I follow the Licklider school of intelligence augmentation, in that we will be able create machines that act together in a tightly coupled way, in his words “to enable men and computers to cooperate in making decisions and controlling complex situations without inflexible dependence on predetermined programs.”
We seem to have met most of his preconditions. But we seem not much closer to his vision. We are still dependent on inflexible predetermined programs.
I think this is possible but will need a change in how we design computer systems.
AI and machine learning is a little bit better, we no longer have predetermined programs, we have predetermined problems to solve with heavily curated data sets. AlphaGO just solves GO, deep blue just solved chess. The same algorithms can solve a number of different problems, with some parameter tweaks and changes to the data sets.

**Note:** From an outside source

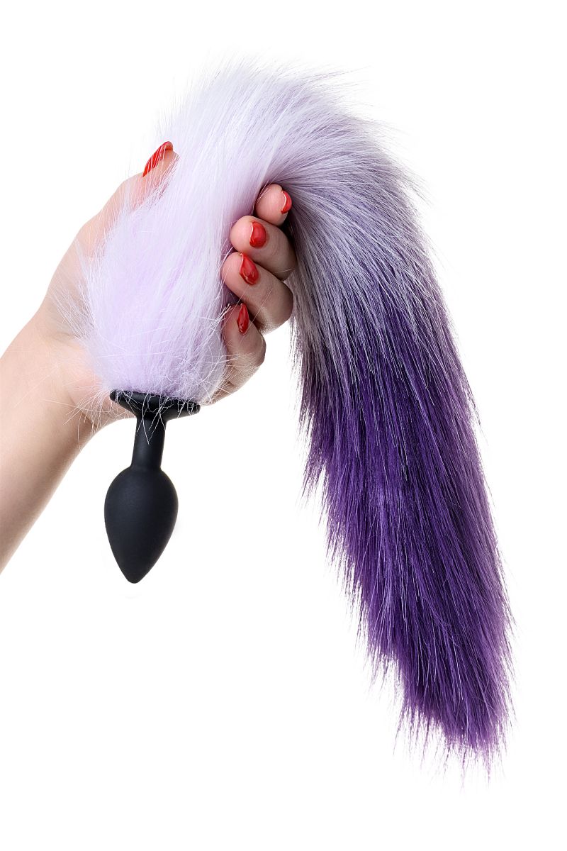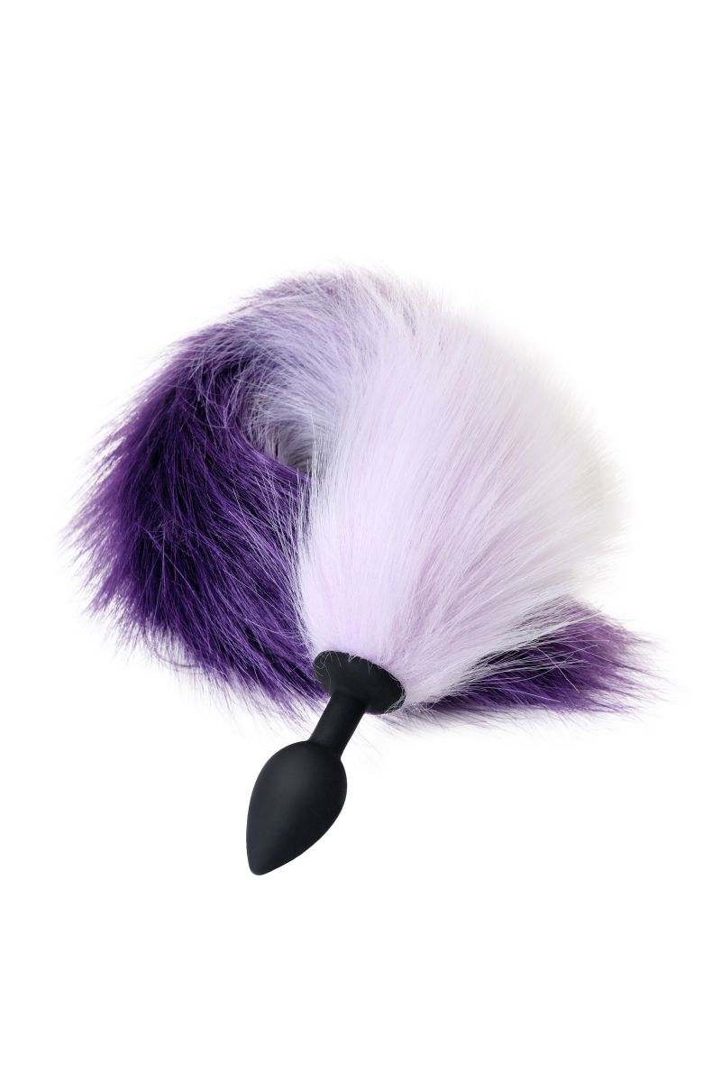 Силиконовая анальная пробка с бело-фиолетовым хвостом Popo Pleasure S

When I’m trying to solve a problem in a complex situation I probably won’t have a full definition of the problem or a well curated data set. But then I don’t demand perfection, I’d want a computer system that attempts a partial imperfect solution but gets better with practice. I want one that I can talk to and it can explain its thinking and I can correct it. In short I want one that is trainable.
A trainable computer sounds a lot like an AI, but there is an important difference. An AI through all of fiction, is seen as its own self-sufficient moral agent. A trainable system would learn all moral judgement and goals from the user, it would have none of its own. It would be equivalent to an external lobe of our brain (maybe one with limited bandwidth and a weird feedback mechanism, depending upon technology level). Different but still part of us.

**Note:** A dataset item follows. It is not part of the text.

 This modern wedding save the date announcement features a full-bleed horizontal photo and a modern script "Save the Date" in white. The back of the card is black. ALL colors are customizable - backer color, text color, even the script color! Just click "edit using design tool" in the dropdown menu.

So there is one thing I disagree with Licklider about. I think that humans will form a necessary part of the human computer hybrid, not for capability but for directing the evolution of the programs so that they still do what we want.
So what are doing wrong? The major problem is that we have stuck the programmer/maintainer – computer relationship. Our lobes of our brains need no programmers or maintainers, they update themselves to solve new problems and think new things. So we must try and alter this relationship.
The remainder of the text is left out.